[msmom] RE: SCOM 2012 issues - not sure what is going on

Nelson, Geoffrey D Mon, 13 May 2013 14:50:29 -0700

Kevin,

On the SQL server - is there multiple instances, or dedicated?
Single SQL instance dedicated to SCOM 2012.
Physical or virtual?
Physical
How much memory and CPU resources are available to the OS?
32 GB RAM, 2 CPUs (Intel E5-2620)
Have you inspected Disk I/O on the SQL server?  This is the most common cause 
of serious performance backlogs and issues.
I have looked at disk I/O on the SQL server, and it does not seem to be an 
issue when I have looked right after the SCOM server is started up (but I have 
not been able to look at the exact time the 2115s are logged.)  I realized the 
SCOM Agent is not installed on the SQL server so I have installed it to try to 
capture some performance data - but I don't know when that will start to get 
collected, because the State when looking at it in the Windows Computers view 
is the open green circle icon - "Not monitored" - this is also something I 
noticed last week; four new servers I installed the SCOM agent were still in 
the not monitored state two hours after I installed the Agent on them because 
of whatever is going on...


Does the management server have enough memory?
The management server also has 32 GB RAM, of which only 9 GB is in use.

Performance requirements for SCOM 2012 in your sized environment should be very 
similar to SCOM 2007 R2.... Since you are seeing 2115's for BOTH databases - 
I'd suspect significant SQL performance issues, either not anywhere near enough 
memory, or most likely a disk I/O capability issue.

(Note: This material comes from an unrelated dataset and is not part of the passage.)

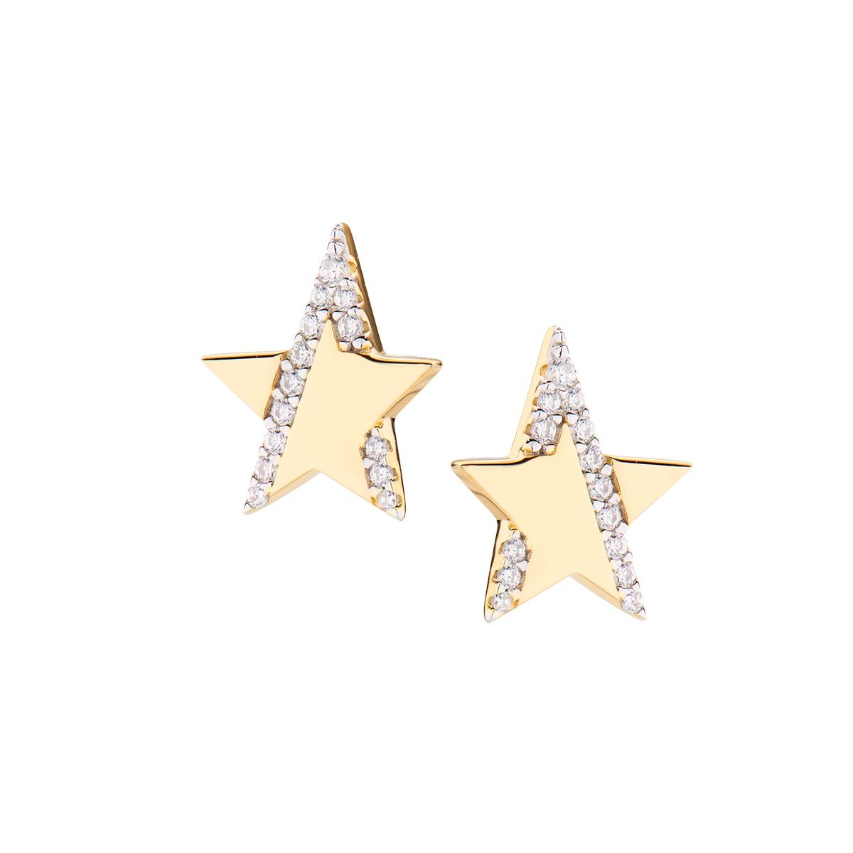 Orecchini Stella Flat in Argento Dorato con Zirconi - Amen Collection Ref. ESTLGBZ

What is the disk subsystem for the SQL database?  What is the avg disk sec/read 
and avg disk sec/write during the time that 2115's begin?
1 RAID 10 virtual disk (using 8 physical disks) (on which there are two logical 
disks: one for the OS and one for SQL server)
I restarted SCOM server about 30 minutes ago, and there have not been any 2115s 
yet.

I'll try to get the avg disk sec/read and avg disk sec/write during the time 
that 2115's begin, but wanted to reply back with this info for now...

Thankx,
Geoff


From: [email protected] [mailto:[email protected]] On 
Behalf Of Nelson, Geoffrey D
Sent: Monday, May 13, 2013 10:55 AM
To: [email protected]
Subject: [msmom] SCOM 2012 issues - not sure what is going on

I am having issues with the health of my new SCOM 2012 Management Group, and 
was hoping someone might have some ideas on what is going on.
I am pretty new to SCOM.  We are running SCOM on two physical servers: one 
Management Server and one Database server.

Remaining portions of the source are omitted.